American artist (1908–1974)

Ivy Joy Newman Steele (April 15, 1908 – December 7, 1974) was an American artist based in the Chicago area, best known for her sculptures and lithographs.

==Early life and education==
Newman was born in St. Louis, Missouri, the daughter of Samuel Elijah Newman and Rose Pfeiffer Newman. Her father was a surgeon. She graduated from Wellesley College in 1929, with further studies at the Art Institute of Chicago and with artists Todros Geller and Cosmo Campoli. Her younger brother Eric P. Newman became a noted numismatist.
==Career==
Steele exhibited her works, usually lithographs and sculpture, from the 1930s into the 1960s. She taught art in Chicago, at the Frances W. Parker School in the 1940s and at Hull House from 1945 to 1954, and at Michael Reese Hospital in the 1960s.
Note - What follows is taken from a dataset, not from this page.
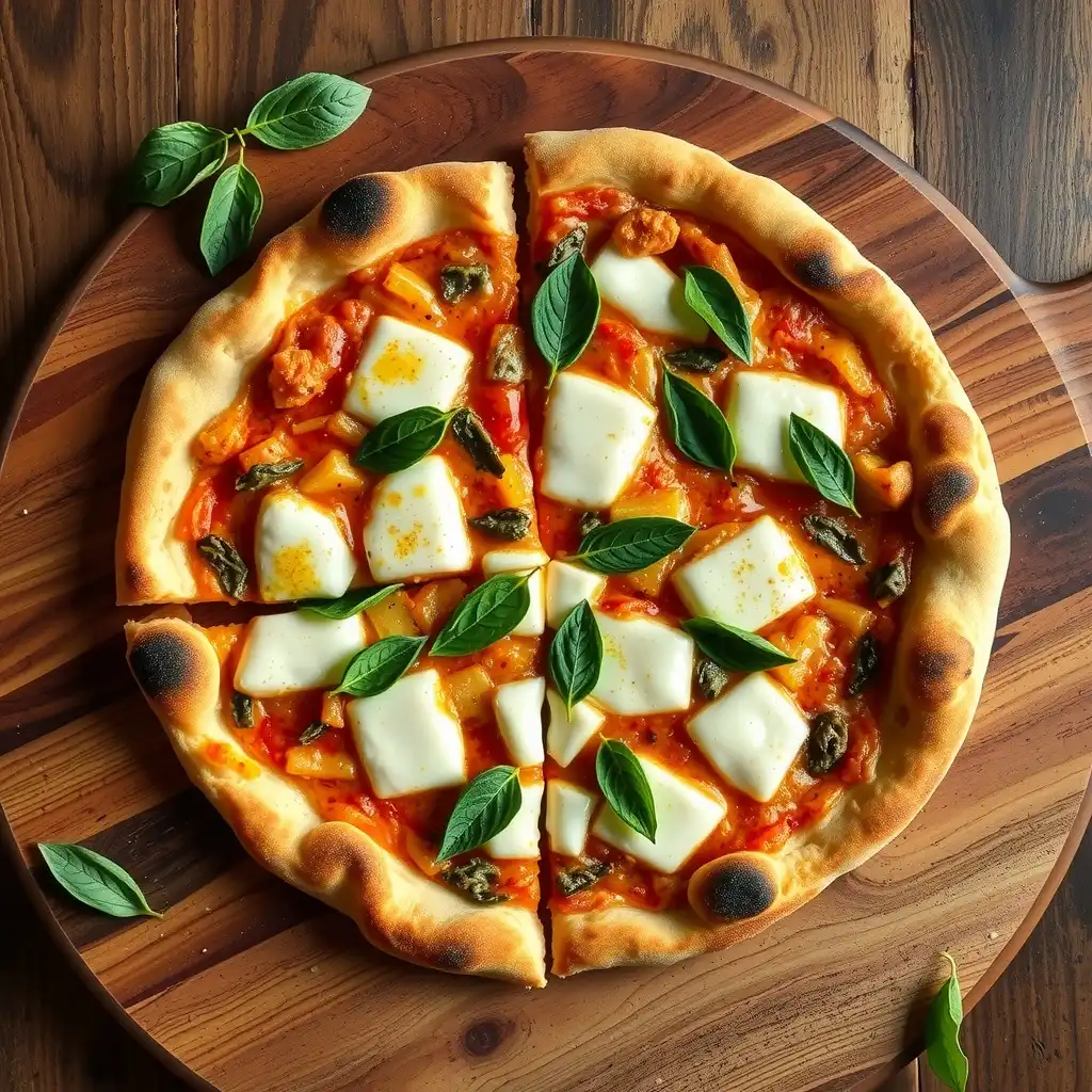 Retira la pizza del horno, espolvorea con la menta fresca picada y corta en porciones. ¡A disfrutar de este manjar veraniego!

She was a member of the Chicago Society of Artists and the Renaissance Society. She completed several commissions for public sculpture in Evanston and Highland Park.

==Personal life==
Newman married businessman Henry Bernard Steele Jr. in 1930. They had two children. Her husband died in 1970, and she died in 1974, at the age of 66, in Chicago. Works by Steele are in the collections of Syracuse University, and the Davis Museum at Wellesley College.